Incitation à la construction de métriques des risques : la
Value At Risk
En quatrième lieu, ce qui est extrêmement intéressant, c’est l’incitation à la construction de
métriques des risques pour le suivi et pour le reporting interne mais aussi pour la
communication sur l’exposition au risque. Un exemple en est la fameuse Value At Risk. Dans le
monde bancaire et dans le monde corporate aussi, on communique sur la Value At Risk (VAR)
: c’est devenu un standard. Elle mesure la perte maximale à laquelle on peut s’attendre sur un
horizon donné dans des conditions de marché normales et avec un niveau de confiance fixé à
l’avance. Cela renvoie à des modèles statistiques complexes qu’il faut valider. Aujourd’hui,
c’est un standard au niveau des opérations de marché, mais cela a largement dépassé le cadre
des opérations de marché. La VAR a aussi dépassé le cadre bancaire pour les grandes
entreprises qui ont des instruments financiers mais elle a aussi largement dépassé le cadre des
instruments financiers dans la mesure où la SEC impose aux entreprises cotées aux Etats-Unis
une obligation du reporting de l’exposition au risque qui peut se faire à travers la VAR ou ses
dérivés comme les cash flows at risk. Donc, on a une logique de perte maximale dans un
environnement donné, à un horizon donné, pour un niveau de risque donné. C’est important car
cela crée des réflexes de mesure de risques en termes monétaires et donc agrégeables, ce qui est
très intéressant au niveau statistique.
Elaboration d’un indicateur de rentabilité corrigé du
risque
En cinquième lieu, on observe la création d’indicateurs de rentabilité corrigés du risque.
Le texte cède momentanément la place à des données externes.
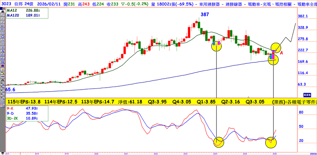 人形机器人黄仁勋在被背板上的机器人公司很多都是信邦的客户,该公司出货线束、连接器、PCB,尤其线束技术要求高,特别是关节弯曲,产品需承受10万次以上弯曲,信邦的产品在这一方面发展已有成,信邦去年前三季EPS 10.06、估全年EPS 12.6,这是有实质基本面且超低本益比,元月营收28.07亿呈双增,在今年景气全面复苏,兼以半导体人型机器人耕耘有成,EPS可达约14.8股价只有239、本益比16.2倍严重低估,这是一档月KD刚交叉向上的全面走多股。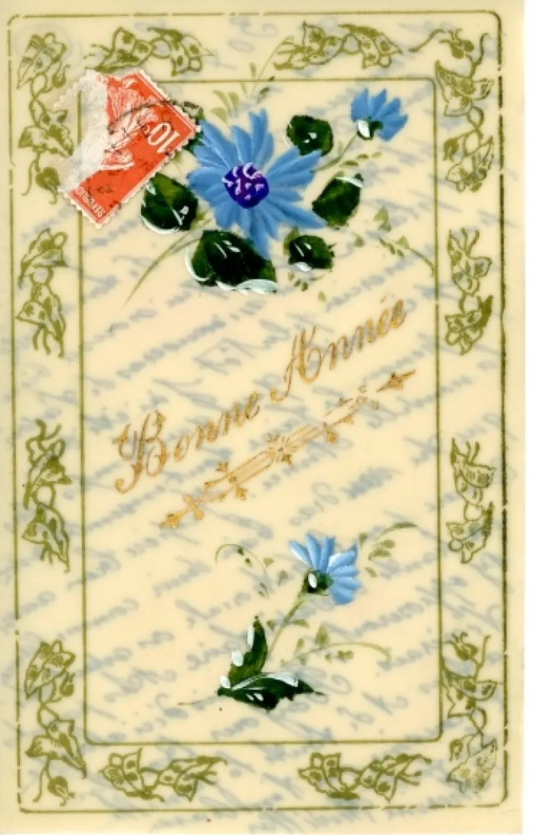 Zelluloid Ak Glückwunsch Neujahr, Blumen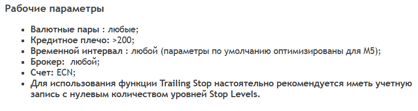 Робот торгует любыми валютными парами. Таймфрейм по умолчанию – М5. Можно настроить под другие периоды. Поддерживает 4-значные и 5-значные котировки. Работает только на ECN-счетах.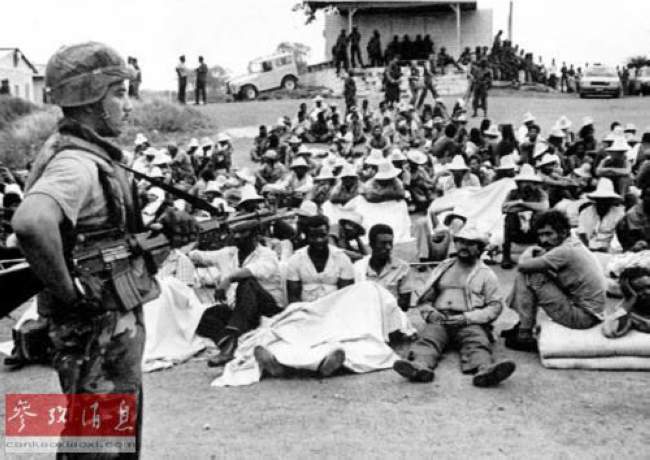 西班牙《阿贝赛报》发表文章,盘点了最近几十年美国领导实施的十次重大军事干预行动,它们分别为:1.格林纳达:1983年10月25日,为了应对格林纳达副总理伯纳德·科尔德发起的政变,美国和几个加勒比国家发起代号为“暴怒”的军事行动,入侵格林纳达岛。时任美国总统罗纳德·里根声称这次行动的目的是保护生活在格林纳达岛上的大约1000位美国公民,结束政变后的混乱局势。图为:美军在格林纳达。(图片来源:新华网,注释来源:新华网)

Précédemment, nous évoquions la relation rentabilité et risque mais ici, avec les nouveaux
modèles de risques intégrés à la rentabilité, comme les modèles RAROC, nous nous trouvons
dans une logique l’on essaie de corriger la performance du risque que l’on a accepté de
prendre. Ce n’est pas pareil de rechercher une rentabilité de 15% avec un risque extrêmement
fort et de rechercher une rentabilité de 10% avec un risque extrêmement faible. Encore faut-il
pouvoir quantifier le risque fort ou faible en termes d’impact sur la rentabilité. Dans ce
domaine, les modèles RAROC ont été très loin et ils sont très utilisés dans l’aide à la
tarification. Est-ce qu’on tarifie correctement le client pour tenir compte du risque normal
qu’on va assurer ? Si le risque est anormal, il faudra prévoir des fonds propres supplémentaires
pour pouvoir supporter la perte exceptionnelle.
En conclusion, je voudrais souligner cette capacité à construire des métriques de risque en
termes monétaire et agrégeables, à construire des indicateurs de performance corrigés du risque
et totalement intégrés, à construire des outils de reporting de l’exposition au risque qui soient
eux-mêmes globalisants et enfin à lier cette logique de prise de risque avec l’allocation à
prévoir pour couvrir le risque que l’on prend.